§ **What the task requires**: Wherever a line in the data holds the word "Elachi", pull that line out.

↓

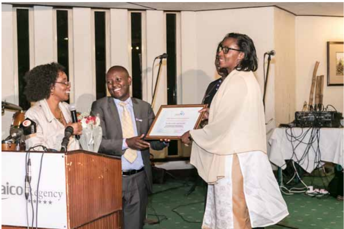
KEHPCA's goodwill ambassador Hon. Beatrice Elachi awarded a certificate of recognition by Dr Joseph Kibachio - Head of Non Communicable Diseases Ministry of Health

Most county governments are yet to prioritize palliative care and allocate resources to support full integration of palliative care services. With reduced donor funding, there is need to mobilize local partners and stakeholders to support scaling up palliative care services. KEHPCA is working closely with the palliative care good will Ambassador Senator Beatrice Elachi to address these gaps. Whenever KEHPCA staff makes visits to various counties, there have been strategic meetings with the county health officials aimed at advocating for support for palliative care. This has born fruits in some counties like; Nyeri, Kilifi, Kiambu, Murang'a, Meru, Kitui, Machakos, Makueni, Embu, Kisii, Laikipia, Nyandarua, Garissa and Nakuru. The need for pediatric palliative care is still great and more work is needed so as to realize the vision of quality palliative care for all in Kenya.
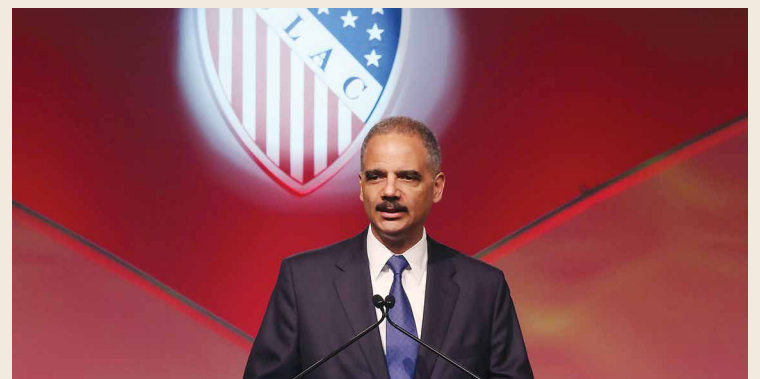
ABOVE: Color Guard at Presidential Awards Banquet. BELOW: U.S. Attorney General Eric Holder speaks at Unity Luncheon

Concierto: Voces Unidas por America: LULAC's United Voices Concert features top Latino entertainment in an event that is free and open to the public. Minimum Sponsorship: $25,000
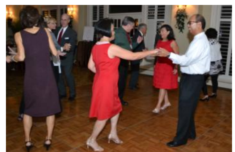
Time to dance.

↑

§ **Output below**:
KEHPCA's goodwill ambassador Hon. Beatrice Elachi awarded a certificate of recognition by Dr Joseph Kibachio - Head of Non Communicable Diseases Ministry of Health
Most county governments are yet to prioritize palliative care and allocate resources to support full integration of palliative care services. With reduced donor funding, there is need to mobilize local partners and stakeholders to support scaling up palliative care services. KEHPCA is working closely with the palliative care good will Ambassador Senator Beatrice Elachi to address these gaps. Whenever KEHPCA staff makes visits to various counties, there have been strategic meetings with the county health officials aimed at advocating for support for palliative care. This has born fruits in some counties like; Nyeri, Kilifi, Kiambu, Murang'a, Meru, Kitui, Machakos, Makueni, Embu, Kisii, Laikipia, Nyandarua, Garissa and Nakuru. The need for pediatric palliative care is still great and more work is needed so as to realize the vision of quality palliative care for all in Kenya.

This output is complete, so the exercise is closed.